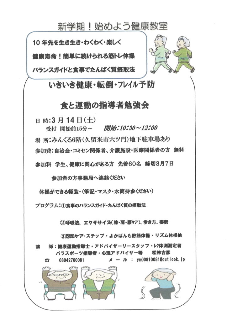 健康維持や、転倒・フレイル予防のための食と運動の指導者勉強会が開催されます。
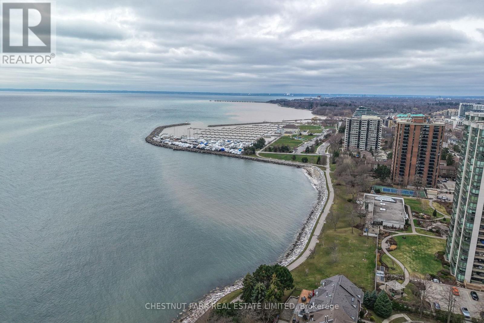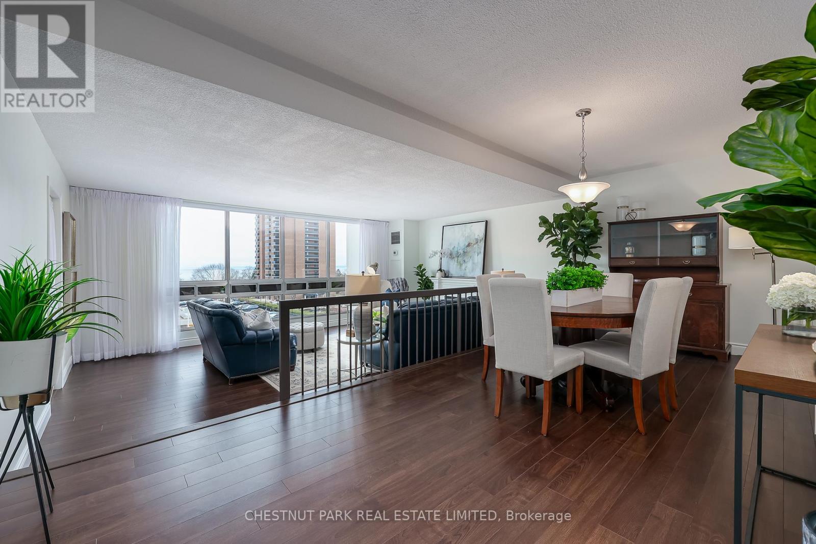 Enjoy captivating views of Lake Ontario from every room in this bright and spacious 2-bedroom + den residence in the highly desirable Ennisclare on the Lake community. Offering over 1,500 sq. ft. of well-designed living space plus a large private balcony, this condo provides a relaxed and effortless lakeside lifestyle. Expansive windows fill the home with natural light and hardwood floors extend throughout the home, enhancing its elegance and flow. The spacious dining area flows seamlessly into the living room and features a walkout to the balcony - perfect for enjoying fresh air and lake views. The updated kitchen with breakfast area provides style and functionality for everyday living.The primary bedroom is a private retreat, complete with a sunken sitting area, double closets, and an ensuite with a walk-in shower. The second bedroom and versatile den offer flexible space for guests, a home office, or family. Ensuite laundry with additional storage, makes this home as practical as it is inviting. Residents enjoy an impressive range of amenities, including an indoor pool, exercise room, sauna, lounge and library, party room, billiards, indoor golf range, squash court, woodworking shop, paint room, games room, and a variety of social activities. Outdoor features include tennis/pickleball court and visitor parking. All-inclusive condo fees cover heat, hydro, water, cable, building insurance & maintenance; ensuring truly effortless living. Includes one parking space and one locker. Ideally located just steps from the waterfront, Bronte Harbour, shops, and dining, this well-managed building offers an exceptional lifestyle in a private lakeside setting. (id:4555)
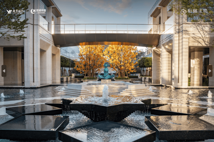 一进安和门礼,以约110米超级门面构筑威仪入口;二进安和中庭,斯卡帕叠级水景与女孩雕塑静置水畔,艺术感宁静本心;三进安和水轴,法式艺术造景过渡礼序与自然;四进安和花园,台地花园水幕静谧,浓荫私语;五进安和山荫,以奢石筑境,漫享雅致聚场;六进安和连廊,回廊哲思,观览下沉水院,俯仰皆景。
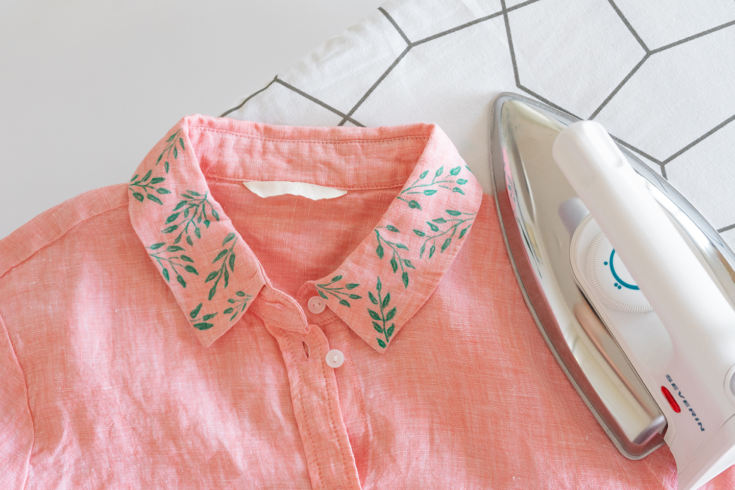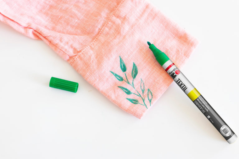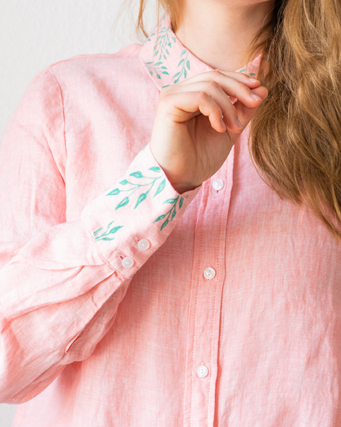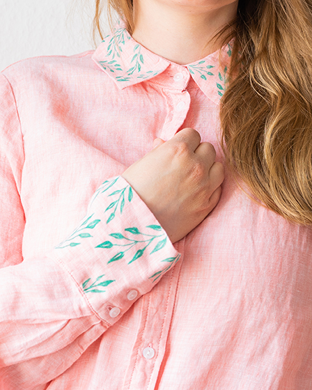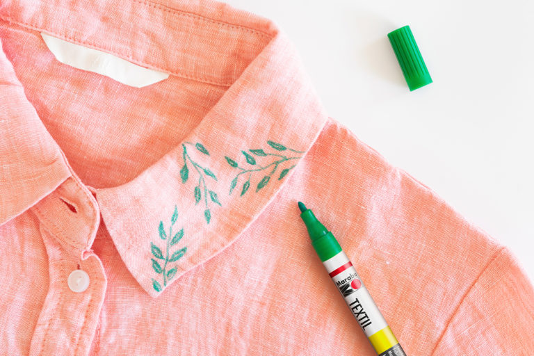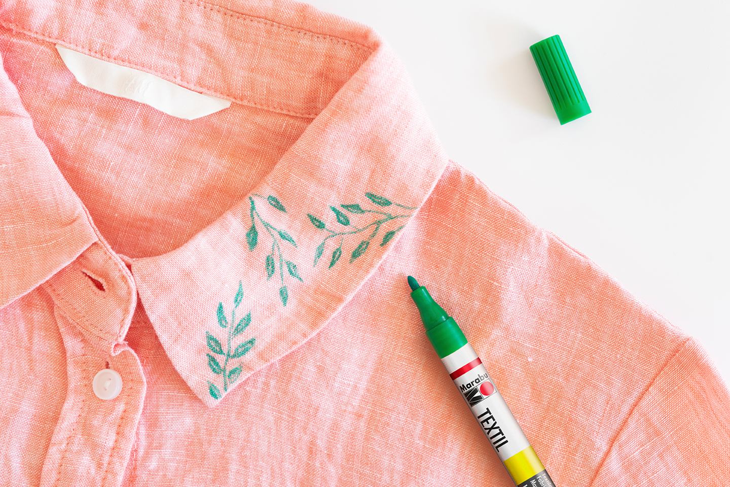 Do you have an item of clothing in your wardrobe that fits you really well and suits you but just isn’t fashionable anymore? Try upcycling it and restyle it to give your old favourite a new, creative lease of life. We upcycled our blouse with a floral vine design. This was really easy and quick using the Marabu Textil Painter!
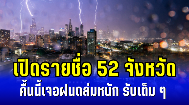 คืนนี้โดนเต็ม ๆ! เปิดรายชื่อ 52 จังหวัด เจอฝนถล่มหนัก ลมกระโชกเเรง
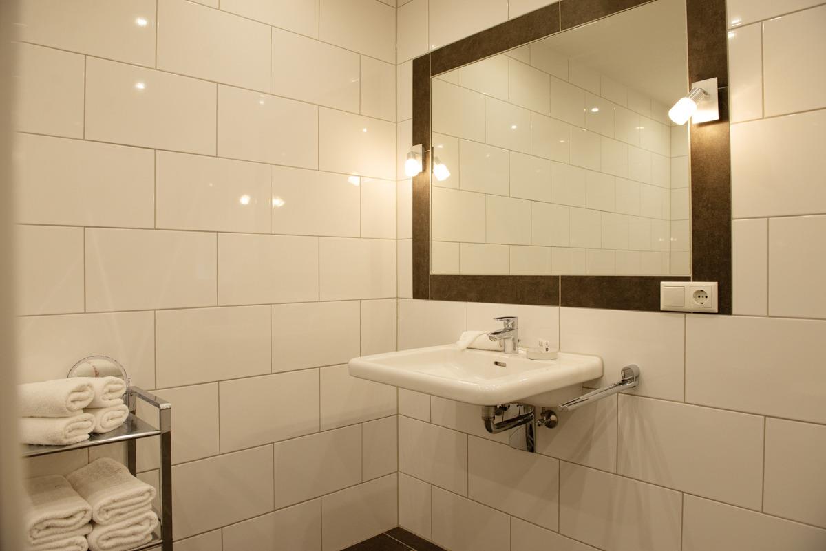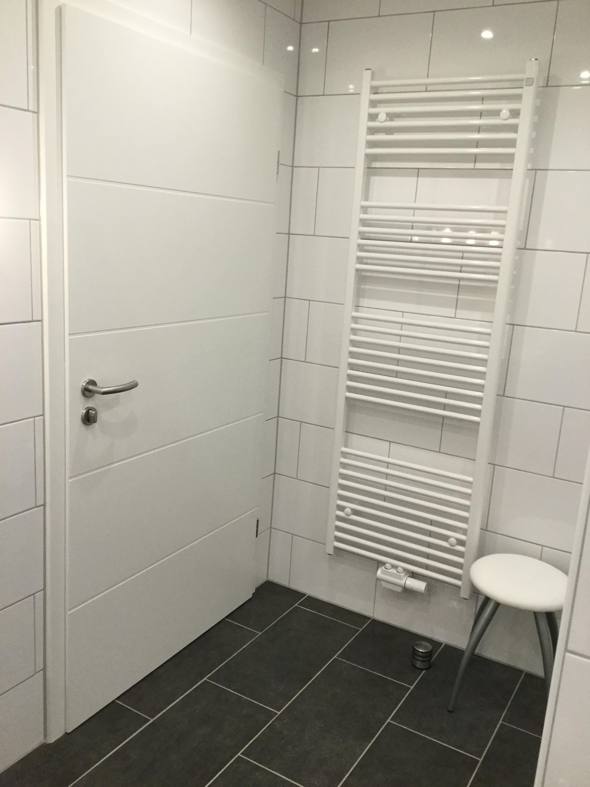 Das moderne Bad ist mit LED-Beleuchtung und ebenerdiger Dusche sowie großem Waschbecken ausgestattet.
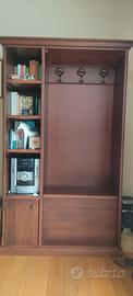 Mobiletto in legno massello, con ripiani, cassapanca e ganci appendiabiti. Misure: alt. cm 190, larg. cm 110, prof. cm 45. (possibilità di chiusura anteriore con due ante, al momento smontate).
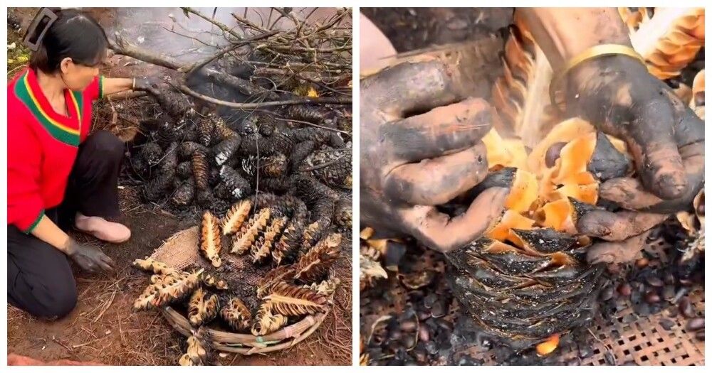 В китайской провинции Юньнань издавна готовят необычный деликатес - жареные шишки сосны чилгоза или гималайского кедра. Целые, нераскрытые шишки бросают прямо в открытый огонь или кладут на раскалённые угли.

- **Task brief**: With the pictures left out, copy exactly the lines from the one containing "一进安和门礼,以约110米超" through the final line of the records above, both included.

- **The completed task**:
 一进安和门礼,以约110米超级门面构筑威仪入口;二进安和中庭,斯卡帕叠级水景与女孩雕塑静置水畔,艺术感宁静本心;三进安和水轴,法式艺术造景过渡礼序与自然;四进安和花园,台地花园水幕静谧,浓荫私语;五进安和山荫,以奢石筑境,漫享雅致聚场;六进安和连廊,回廊哲思,观览下沉水院,俯仰皆景。
 Do you have an item of clothing in your wardrobe that fits you really well and suits you but just isn’t fashionable anymore? Try upcycling it and restyle it to give your old favourite a new, creative lease of life. We upcycled our blouse with a floral vine design. This was really easy and quick using the Marabu Textil Painter!
 คืนนี้โดนเต็ม ๆ! เปิดรายชื่อ 52 จังหวัด เจอฝนถล่มหนัก ลมกระโชกเเรง
 Das moderne Bad ist mit LED-Beleuchtung und ebenerdiger Dusche sowie großem Waschbecken ausgestattet.
 Mobiletto in legno massello, con ripiani, cassapanca e ganci appendiabiti. Misure: alt. cm 190, larg. cm 110, prof. cm 45. (possibilità di chiusura anteriore con due ante, al momento smontate).
 В китайской провинции Юньнань издавна готовят необычный деликатес - жареные шишки сосны чилгоза или гималайского кедра. Целые, нераскрытые шишки бросают прямо в открытый огонь или кладут на раскалённые угли.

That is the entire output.